H was distracted and cranky for the first 40-50 minutes of the evening. It took about 45-60 minutes to begin loosening him up.

I had a bouquet of long-stemmed copper colored roses on the dining room table for him to see when he arrived. He didn’t comment. Don’t know if he noticed.

Topics of conversation:

His mom, who moved out of her home 1 ˝ weeks ago has had several episodes in which she demanded to move home to her old house. Understandable but nerve-wracking for him, I’m sure.

I had visited his mother earlier that week with my cat in tow. H said that his mother really enjoyed the visit from us. He said “She can’t remember much but she told me all about cat’s visit…..how cat had a really cool cat carrier (I showed him her new cat carrier: faux black leather with white cat cartoons on the side and lined with fake leopard fur). He laughed and said “Mom wants one of those.”

Touched on how my work ethic is something that I learned in my family of origin. That it took the seismic shift caused by his departure to shake me out of this pattern, and that I was very happy that that happened because I’m much happier in my life now.

H at one point said he thought he had been so busy with work for the past year (in this regard our roles have completely reversed----I play and he works all the time now) because of God. When I questioned him about what he meant he inferred that he thought God had made him so busy to show him why I had worked so much when we were together.
Me: “You don’t really think that I took your mojo, do you?”
H: “No, I don’t think that you are responsible for my work schedule.”
Me: “You’re the president, the big boss. You call the shots. You are in control.

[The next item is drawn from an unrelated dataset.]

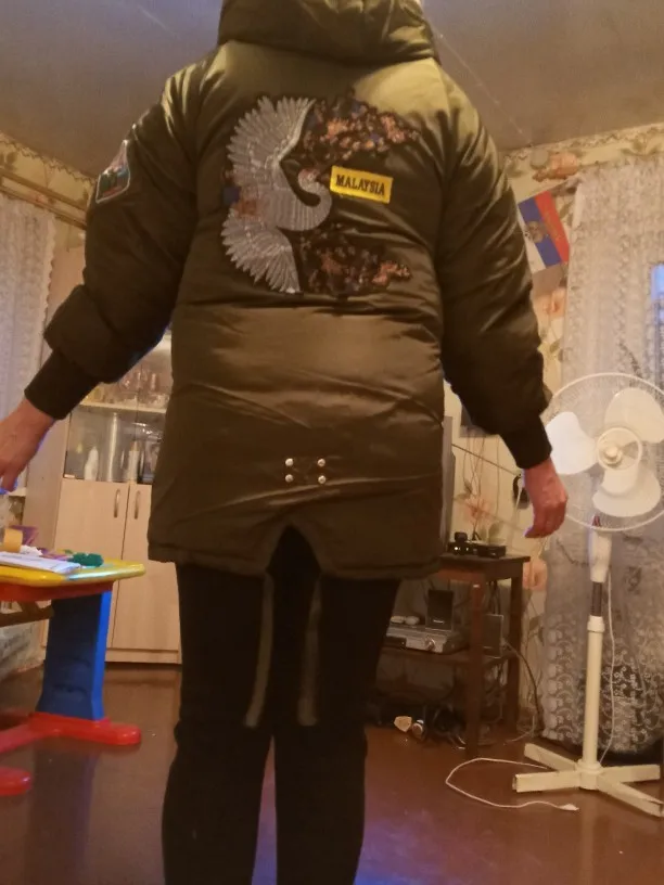 Finally came my jacket, 32 days of the way. quality is good, fit in size. 3 xl fits in russian 54 no more. measurements in the table of the store is not accurate in my jacket chest girth 120 cm, Thigh 128 cm, length 83 cm, although i have a chest of 107-108, hips 110-112 on me it does not hang out, and since there should be a winter jacket. how good that i did not order less. the jacket is warm, the fur did not look, because i do not like wearing fur.
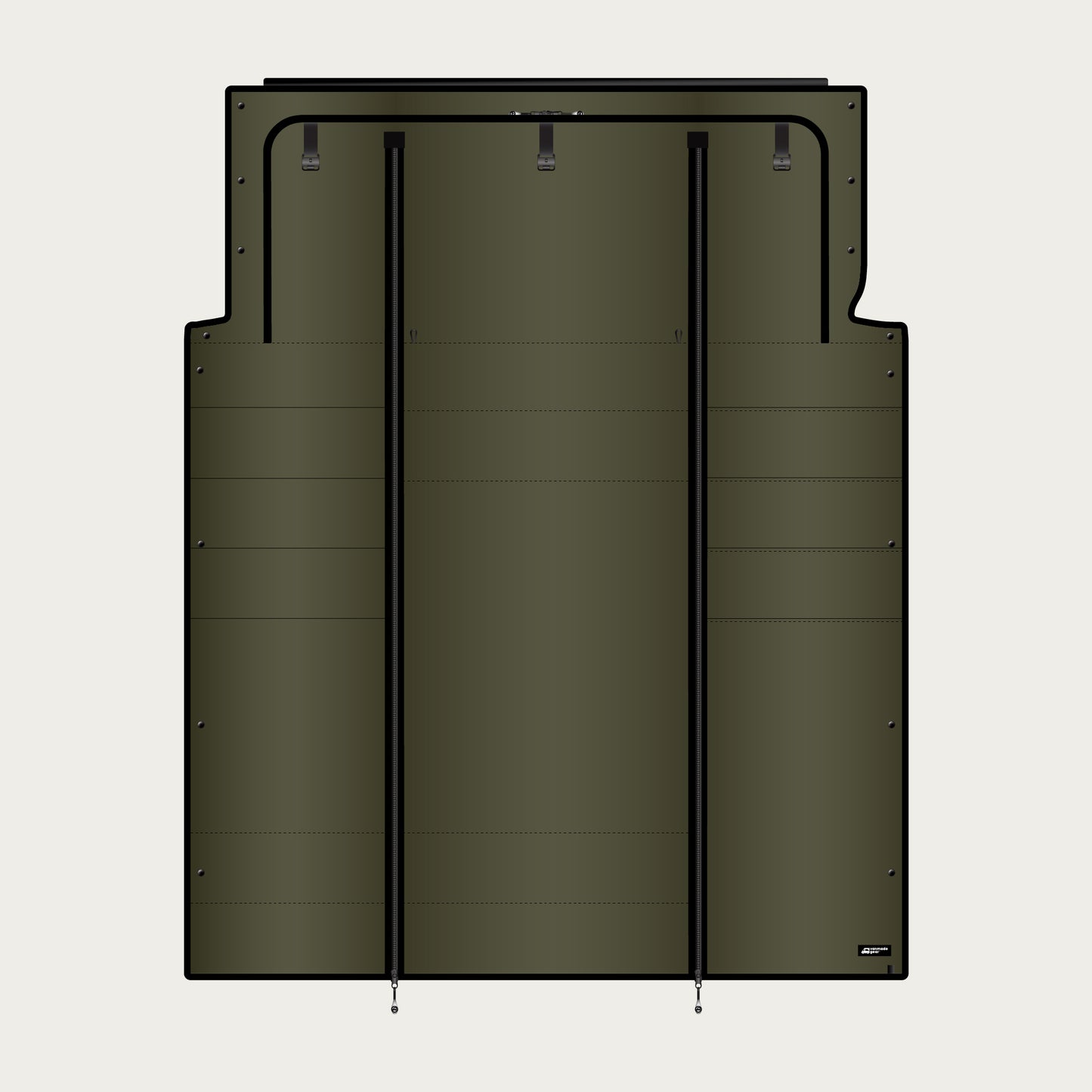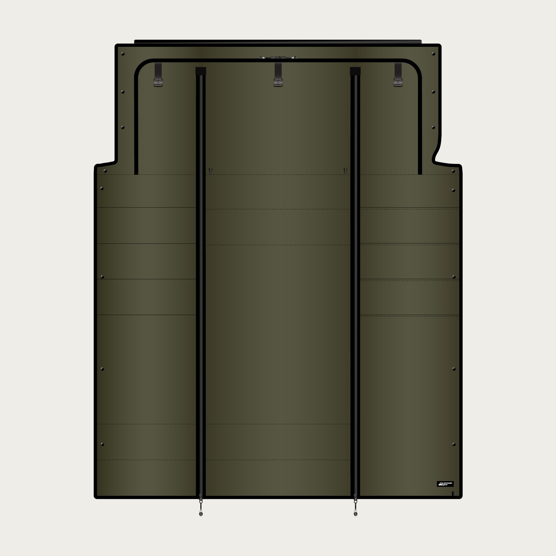 Double-zippered middle panel allows flexible cab access and full blackout coverage

You can make your schedule whatever you want.”
H: Shrugged shoulders.


I talked about how my clinic work is great because I don’t do the boring stuff, I deal with very interesting psych issues that patients have, but I have very little “on call” time. Said I chose my profession because I was married to a med student when I made the decision. I thought that if I became a doctor I would be “on call” for the rest of my life. I didn’t want that (I said that largely because I knew OW was a doctor). He looked very interested and said that my work sounded very interesting.

I told H that I had become more spiritual over the past year. He looked interested.

I pulled out travel brochures of Greece (Jody suggested this) and told H I had gotten these because I was thinking about taking a trip to Greece (this is a place I know H would like to visit). H said that his monthly expenses were such that he didn’t feel like he could afford a vacation (looked annoyed by this). He said he paid too much for his house. I said “Do you mean the purchase price….or everything that you’ve put into it?” He said, “Everything. The sales price and what I’ve put into it.”…..so it seems that in spite of me allowing H to call most of the shots over the past 12 months H is still not happy. He seems depressed (he was pretty manic-y when he left 1 year ago. Thought leaving me would make him happy.) Wonder if H has figured out that I was not the major source of his unhappiness yet????? Happiness comes from within.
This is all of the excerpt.